そんな冴の驚く様子を別の理由と思ったのか、都は顔を上げて彼女に問いかけた。
「やっぱりいきなり渡したら変?」
全然、と冴は優しく微笑む。
「いいと思うわよ。」
その言葉に、都は小さく頷く。
散々見比べて、金属製のフレームをわざとアンティーク調に仕上げたものに決めた。財布の中身で足りるか心配だったが、冴が割り引き特典のある会員証を渡してくれたのでほっとする。

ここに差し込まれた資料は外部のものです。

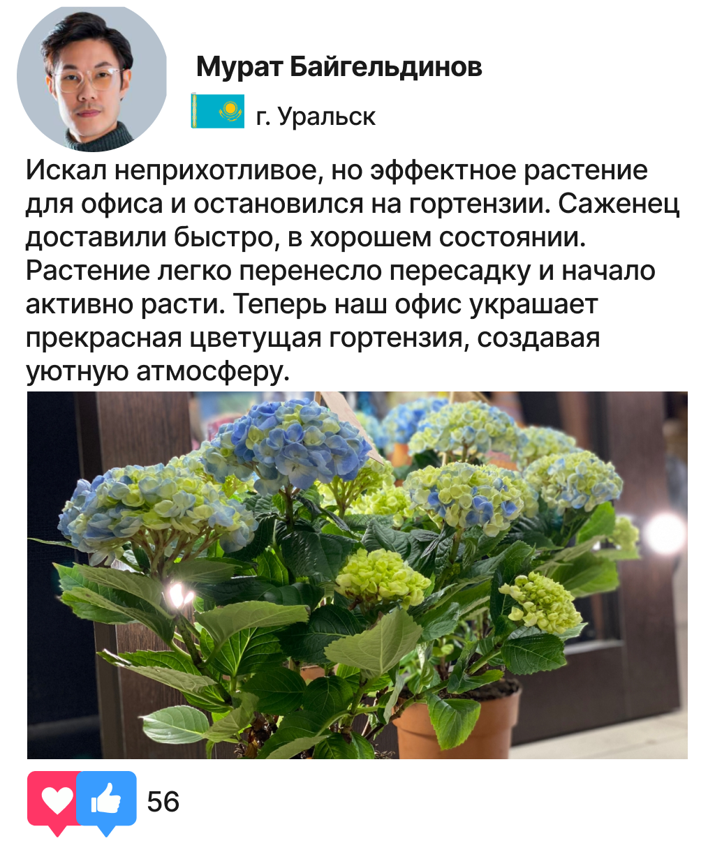 Неприхотливость (наши гортензии не требуют особого внимания от цветоводов и отлично подходят для начинающих любителей комнатных растений)

「都ちゃん、アンティークっぽいとか古いもの好きよね。」
「それ、栄一郎さんにもらったカメラのこと?」
「うちにある食器も。あれ、朝子が実家から持ってきたものだから、そこそこ古いはずよ。」
亡くなった母親の実家…というのが彼女の祖父母の家だったのは都も知っている。都が生まれた頃にはすでに跡形もなくなっていたが、商売を営んでいた名残で古いものが随分あったこと、両親を早くに亡くした朝子が、育ての親であった祖母…都の曾祖母を看取るまでそこに暮らしたことは聞いていた。
「他にもいろいろあったんでしょうけど、親戚が全部処分したって言ってたわね。」
おかげで手元には何も残らなかった、と笑いながら話していたのを思い出す。
「古いものかぁ…意識したことないけど…」
「まぁ子供の時から見てりゃそうなるわね。そういう意味じゃ、フリューゲルなんて店の存在自体がアンティークよね。」
「そういえば、店の二階にも古いものがいっぱいあるって言ってた。」
でしょうね、と冴は苦笑する。
都は画材屋のロゴの入った袋を、大切そうに押し抱く。